All the Sweet, Satisfying Flavor, and Only Half the Sugar!
Two posts in one day? Either I've really turned over a new 'Bleaf' or I'm a total social reject.
Sadly, we all know the answer to that one, don't we?
I stole all my sister's music today. And I'm feeling good. A plethora of new CD's to add to miPod. Sometimes there's a twinge of guilt that gets me, but then I think, "Hey, I'm a good person, right?" And then it's gone. Mind over guilt, as I always say.
Here's the funny Thailand product quote for today, found on a notebook my sister gave me. It reads:
my Big sister
I could only have junior but she have all a silly donkey
, Miss blue betty and mr. Teddy .because she is The Biggest.
Funny, no? Here's what I think: I think a lot of those Thai producers just make all the grammatical and spelling errors they can because they know the silly foreign tourists love that crap. I swear. (Not often.)
Today I met a time traveling man. He was wandering around downtown. He was pretty sweaty and told a friend and I that he had the ability to jump forward and back through time. I got a good chuckle out of this, but then he went on to describe it with incredible detail, which was when I started being all weirded out. He started talking all about the different dimensions and the access to them that he was capable of, but warned us not to try it.

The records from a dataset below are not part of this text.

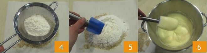 Sur une feuille de papier sulfurisé, transférez la farine de noisettes de Giffoni, tamisez la farine T45 par-dessus 4 et mélangez avec une spatule pour les amalgamer 5. Lorsque vous aurez obtenu un mélange d'œufs et de sucre bien monté, clair et mousseux 6,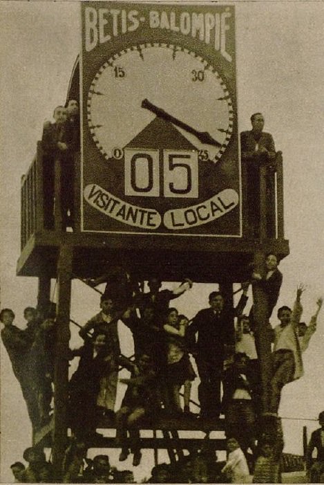 The Campo del Patronato Obrero was basic, and the club, short of funds, used old tables & doors to ensure that the pitch was enclosed. The first match at the new ground took place on 1 November 1918 with Betis playing against Sevilla FC, who ran out 1-5 winners. For the first few years, players changed in a small clubhouse located on the halfway line on the west side of the ground. Fortunately for Betis, there were happier times ahead. The Campo de Patronato Obrero underwent a major overhaul in 1924, which saw the development of a full-length, two-tiered open stand on the west side and a narrow open terrace on the east. The redevelopment was marked with a friendly against US Sants de Barcelona on 13 December 1924. In 1928, under the presidency of Ignacio Sanchéz Majias, Patronato underwent further redevelopment. The main west stand gained an 80 metre-long propped roof, and the northern & southern ends were terraced. An elaborate scoreboard was added to the rear of the north terrace, behind which the club built tennis courts. This latest phase of development increased the ground’s capacity to 9,000 and heralded a golden age for the club.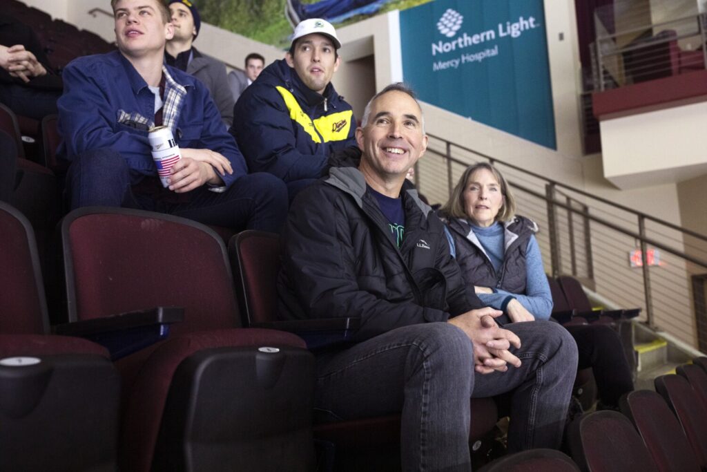 John and Ellen Hart of Cumberland watch their son, Ted, play Sunday for the Mariners against the Brampton Beast. Another son, Brian, is also on Maine’s roster but didn’t play Sunday. Brianna Soukup/Staff Photographer Buy this Photo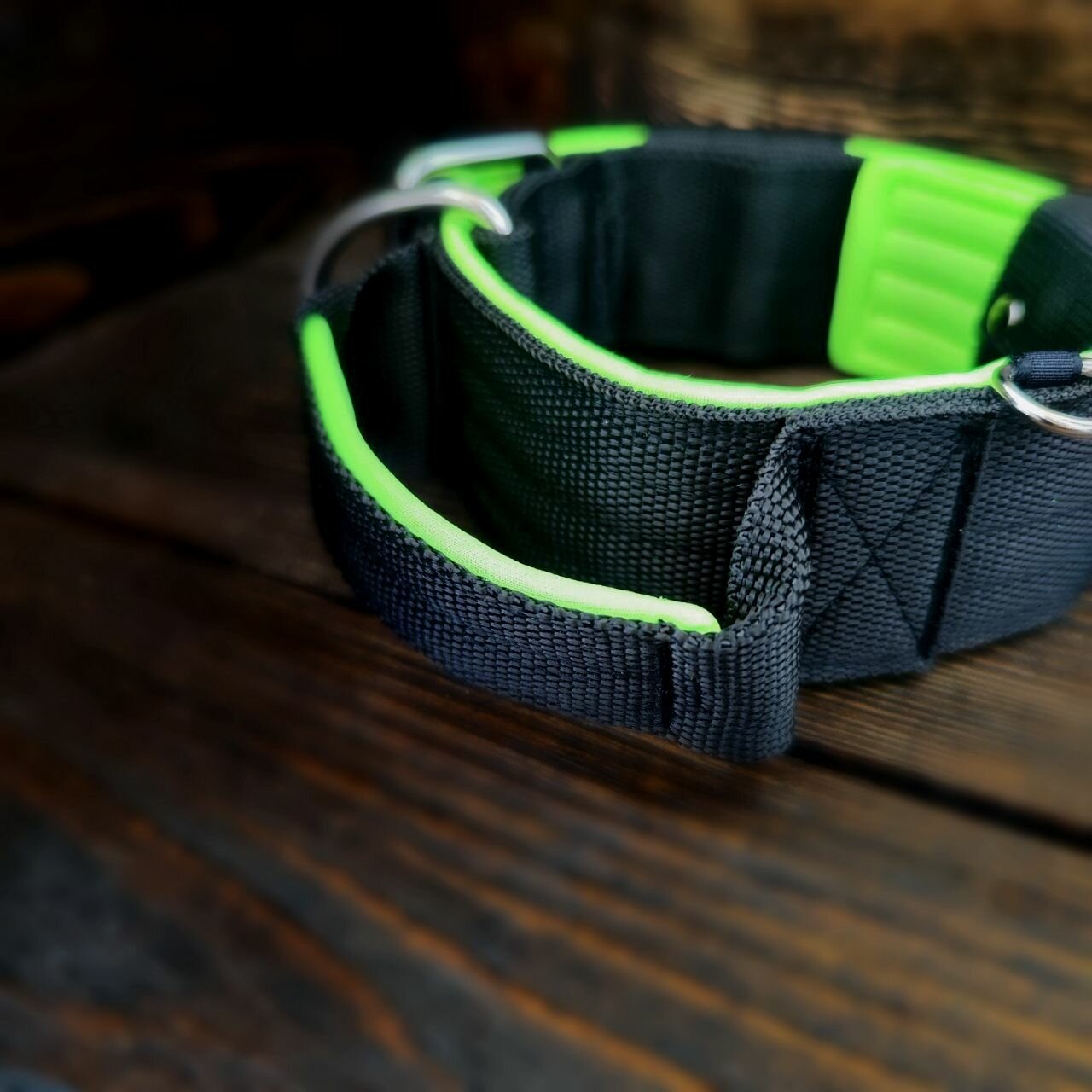 Купить Ошейник для собак с ручкой. Ширина 5.5 см. Сварная фурнитура. Обхват 43-57 см. Цвет черный с неоновым
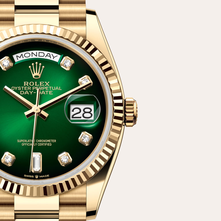 The Rolex fluted bezel is a mark of distinction. Originally, the fluting of the Oyster bezel had a functional purpose: it served to screw the bezel onto the case helping to ensure the waterproofness of the watch. It was therefore identical to the fluting on the case back, which was also screwed onto the case for waterproofness, using specific Rolex tools. Over time, the fluting became an aesthetic element, a genuine Rolex signature feature. Today the fluted bezel is a mark of distinction, in gold on this Day-Date 36.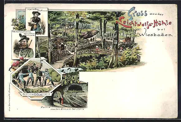 Lithographie Leichtweiss-Höhle, Räuberhauptmann Leichtweiss u. Frau, Gefangennahme, Partie vor der Höhle u. im Innern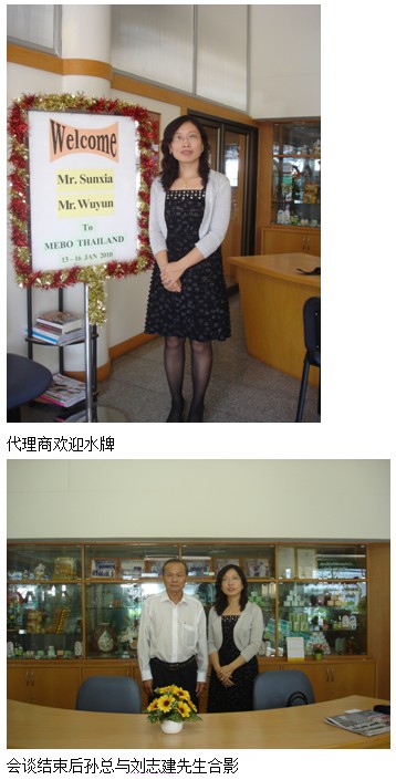 1月14日,孫總與泰國(guó)代理商劉志建先生于MEBO(Thailand)公司就泰國(guó)美寶市場(chǎng)拓展規(guī)劃進(jìn)行了親切的商務(wù)會(huì)談。雙方回顧了美寶泰國(guó)的發(fā)展歷程,劉先生深情地介紹了早年協(xié)助發(fā)展美寶的艱辛經(jīng)歷,美寶燒傷膏是泰國(guó)第一個(gè)正式注冊(cè)的中國(guó)藥品,這是美寶的驕傲,也是中國(guó)的驕傲。近幾年祖國(guó)的強(qiáng)大使所有的海外華人興奮不已,談到動(dòng)情處時(shí),擁有濃濃愛(ài)國(guó)熱情的劉先生幾度熱淚盈眶。與此同時(shí),雙方深入地分析了多年來(lái)泰國(guó)美寶發(fā)展緩慢的狀況,并確定了下一步總體發(fā)展的發(fā)向和思路。此次高層會(huì)晤進(jìn)一步提升代理商對(duì)美寶總體海外規(guī)劃及技術(shù)產(chǎn)品的高度認(rèn)可和理解,在技術(shù)產(chǎn)品發(fā)展理念、經(jīng)銷(xiāo)商經(jīng)營(yíng)掌控等方面達(dá)成了多項(xiàng)共識(shí)。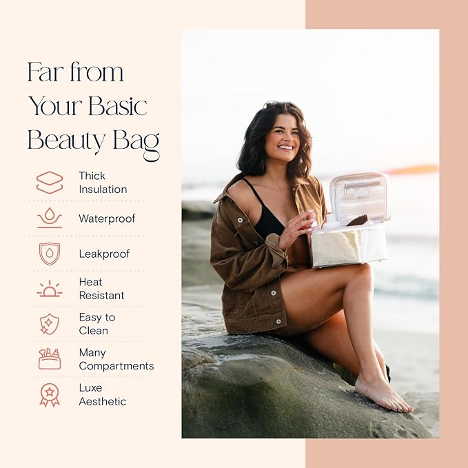 - Heat And Water Are No Match: The aesthetic makeup case is made from waterproof vegan leather with a leak-proof zipper, ultra-thick insulation and an aluminum liner that'll keep your beauty products safe from spills, moisture, and warm/cool temperatures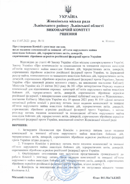 надання компенсації для відновлення окремих категорій об’єктів нерухомого майна, пошкоджених внаслідок бойових дій, терористичних актів, диверсій, спричинених збройною агресією російської федерації, з використанням електронної публічної послуги “єВідновлення”, затвердженого постановою Кабінету Міністрів України від 21 квітня 2023 року № 381 (зі змінами) оголошує про залучення представників громадськості до роботи Комісії з розгляду питань надання компенсації за пошкоджені об'єкти нерухомого майна внаслідок бойових дій, терористичних актів, диверсій, спричинених збройною агресією російської федерації проти України (далі – Комісія).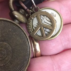 Leather necklace adjustable with charms including a locket charm. Handmade by Munandme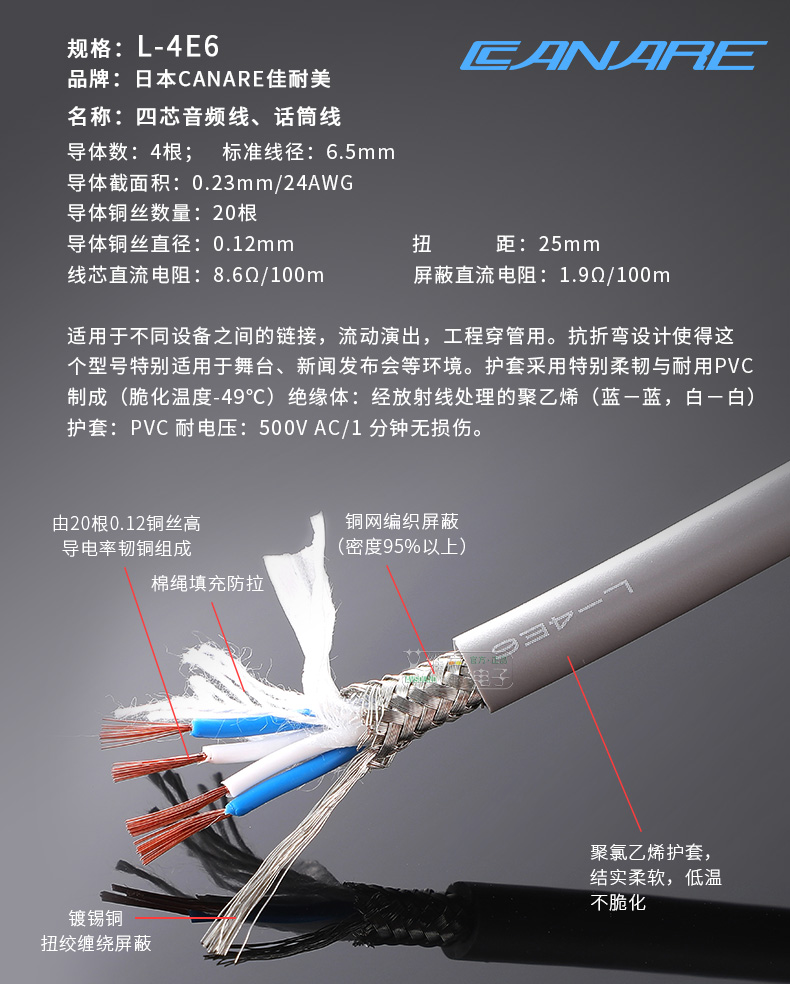 CANARE佳耐美定制卡侬话筒线NEUTRIK镀金卡农公母线L-4E6S音频线调音台麦克风电容麦连接线延长线xlr公转母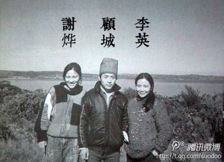 请恕我的直言不讳,对于一个靠撰写情感的当代“诗人”来说,行为的检点与人们眼中的世俗情操和准则似乎是个不可忽视又非常重要的因素!……就是这样一段荒唐三人行的不伦关系,导致了顾城杀妻悲剧的发生。他们之间乱七八糟的男女关系是偶然巧遇发生的,这却是必然导致凶杀、自尽严重后果的根源。由此看来,诗人有时候真的和“疯子”确实没有多大区别 !一般来说患有严重精神疾病,行为古怪可能做出疯狂、放肆行为的人,疯子就是疯子。而“诗人”在其吟诗作画时又有着很大的欺骗性,从表面上来看似乎还算是正常。但诗人内心却是极端扭曲不堪和痛苦挣扎的。他们活在当下的现实生活和心理扭曲的痛苦中,但却又要在纸上或是记忆里努力的想要留给世人另一番美好憧憬的蓝图!......尽管如此,在某个特定时刻,他们根本就无法摆脱和说服自己灵魂丑陋的另一面,更是一定非要接受谎言还原自我。或许这就是为什么,最后他只有用一死了之,才能逃脱现实生活的羁绊了!……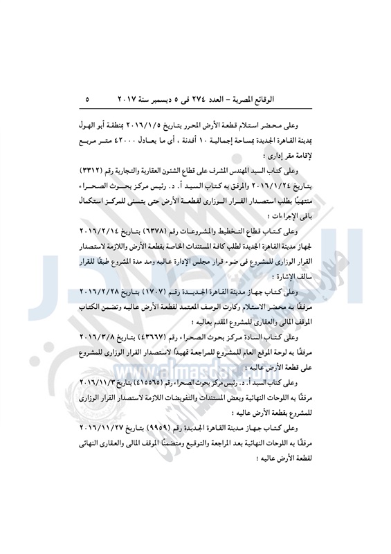 نشرت الوقائع المصرية في العدد رقم 274 الصادر في تاريخ 5 ديسمبر 2017 قرار وزارة الإسكان والمرافق والمجتمعات العمرانية رقم 345 لسنة 2017 الصادر بتاريخ 20 مايو 2017 بشأن إقامة مقر إداري لمركز بحوث الصحراء.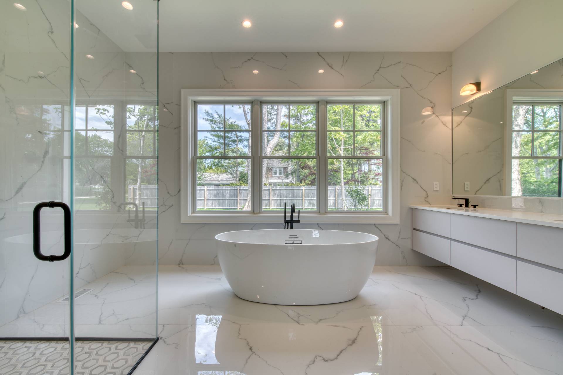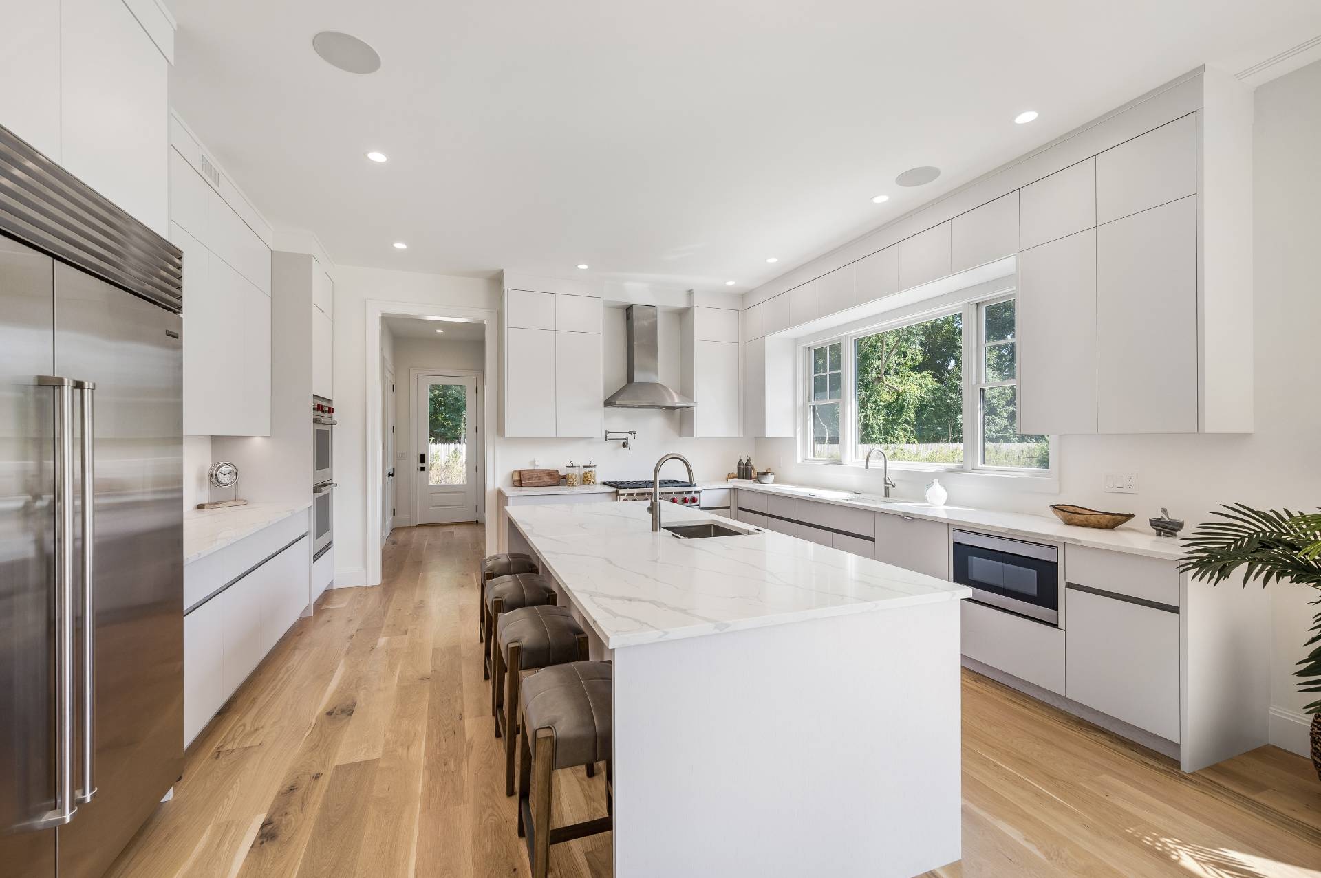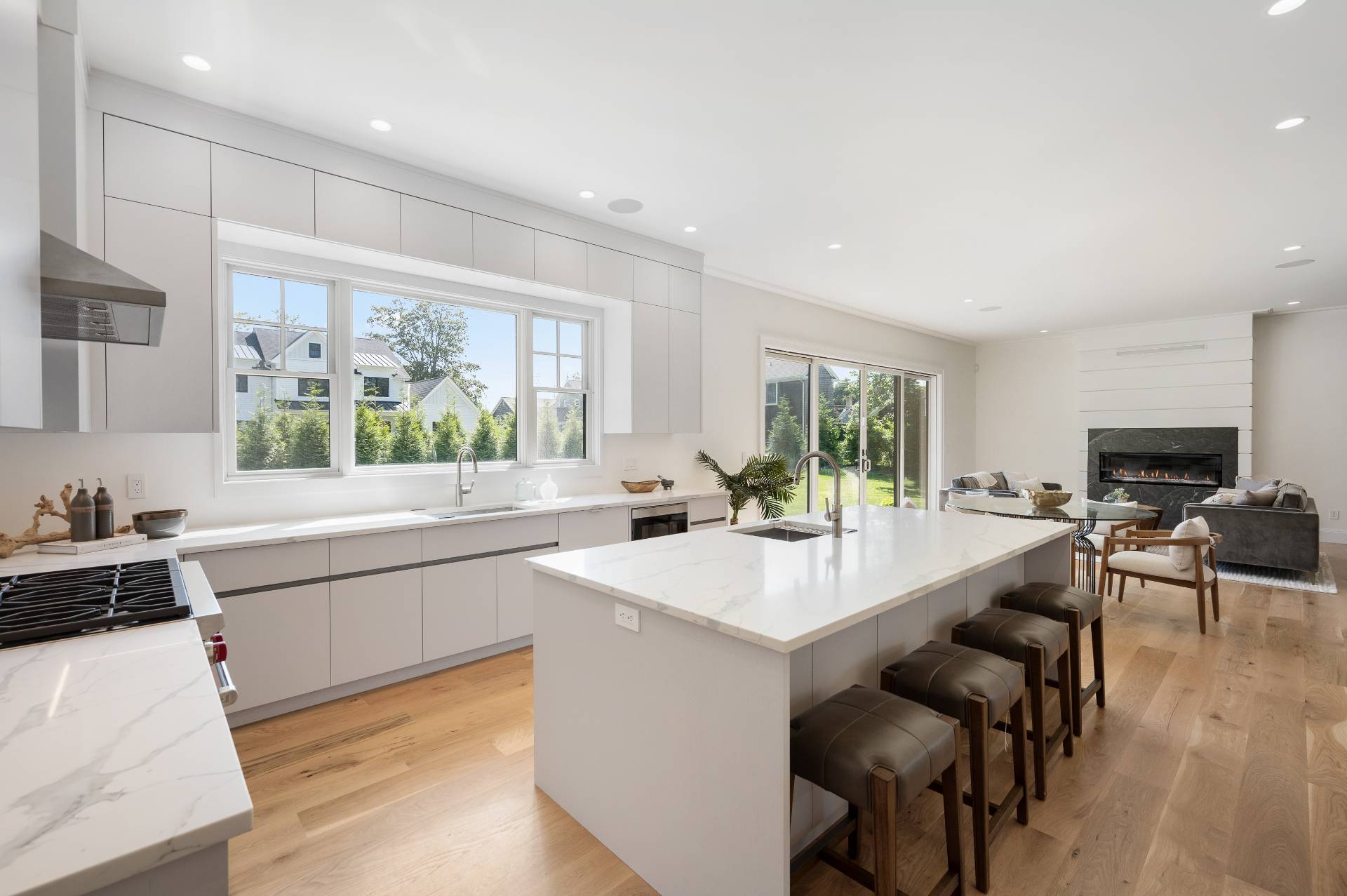 Don't miss out on this amazing opportunity to buy a newly constructed house in East Hampton Village. This home is expertly built with a perfect mix of modern style and timeless charm. As you step inside, you'll be greeted by natural light filling the open layout. The kitchen and great room with a cozy fireplace are bathed in warm, inviting light. You'll love the top-of-the-line Sub-Zero appliances, kitchen island, and easy access to the rear patio, wet bar, and dining room. The main level also offers an office/bedroom, powder room, and a convenient laundry room. The luxurious master suite features patio access, a captivating fireplace, dual walk-in closets, and a high-end master bath with a relaxing soaking tub. Upstairs, you'll find four more bedrooms, each with its own ensuite bathroom and walk-in closet. The second laundry room on this level makes life even easier. Plus, there's an attached garage and beautifully landscaped grounds that add to the appeal. The lower level is a blank canvas for you to personalize, with a media room and a gym ready for your personal touch. Situated on a large 0.86 acre lot, this house is conveniently located near the shopping and restaurant scene in East Hampton Village. Get ready to experience the best of Hamptons living, where luxury, elegance, and convenience come together.
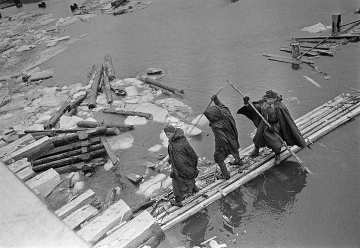 5-я армия. Переправа на плотах через реку в районе Можайска.

He said it caused him to have migraine headaches with frightening regularity. He cautioned us, saying that we wouldn't have the proper technology for another 30 or 40 years. I was pretty disappointed for a while, and really kinda bummed out at the fact that this guy could do all of this stuff, but that we weren't allowed. Of course, I only felt that way until he reassured us right before he left that everything he had just said was, as he eloquently phrased it, "a huge boquet of cow-shit". I'm pretty sure he meant bull instead of cow, but I assumed that when you are that hopped up on goofballs, cows and bulls are all the same pink, flying creatures. After he left I thought about what he had to say, and it almost seemed to fit, so it was disappointing to hear about the manure.
All in all, a real top-drawer day. Yup, definitely right in there with all the socks, boxer-briefs, and wifebeaters.